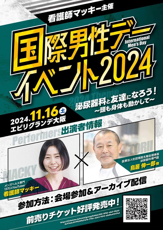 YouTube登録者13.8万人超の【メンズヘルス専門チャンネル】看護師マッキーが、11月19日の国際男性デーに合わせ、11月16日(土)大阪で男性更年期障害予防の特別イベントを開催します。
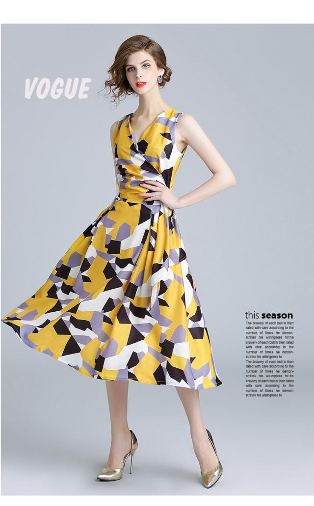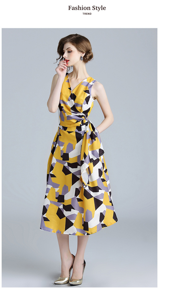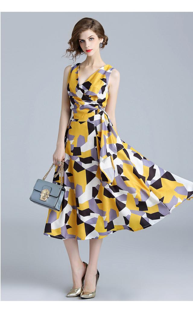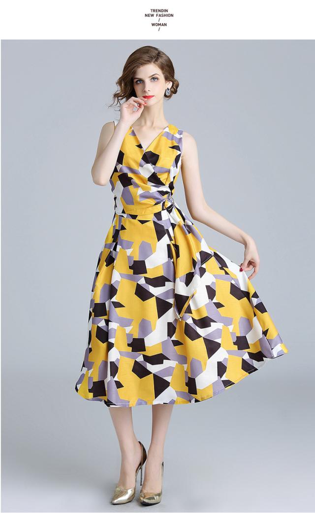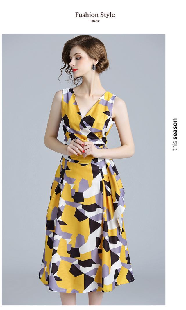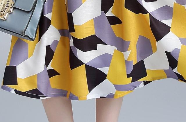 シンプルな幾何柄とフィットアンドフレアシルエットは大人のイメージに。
==
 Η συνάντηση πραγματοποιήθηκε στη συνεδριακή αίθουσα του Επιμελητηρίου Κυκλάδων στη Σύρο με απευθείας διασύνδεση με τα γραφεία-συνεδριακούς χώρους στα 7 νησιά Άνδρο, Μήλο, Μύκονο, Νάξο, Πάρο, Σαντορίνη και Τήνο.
==
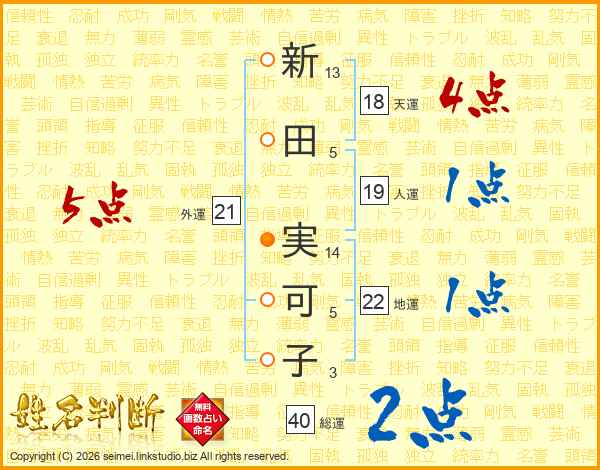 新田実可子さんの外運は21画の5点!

WHAT TO DO :: Using the records above, print exactly the run of lines that starts with the line with "YouTube登録者13.8" and goes on through the line with "シンプルな幾何柄とフィットアンドフレアシルエットは大人のイメージに。", pictures excluded.

THE COMPLETED TASK ::
 YouTube登録者13.8万人超の【メンズヘルス専門チャンネル】看護師マッキーが、11月19日の国際男性デーに合わせ、11月16日(土)大阪で男性更年期障害予防の特別イベントを開催します。
 シンプルな幾何柄とフィットアンドフレアシルエットは大人のイメージに。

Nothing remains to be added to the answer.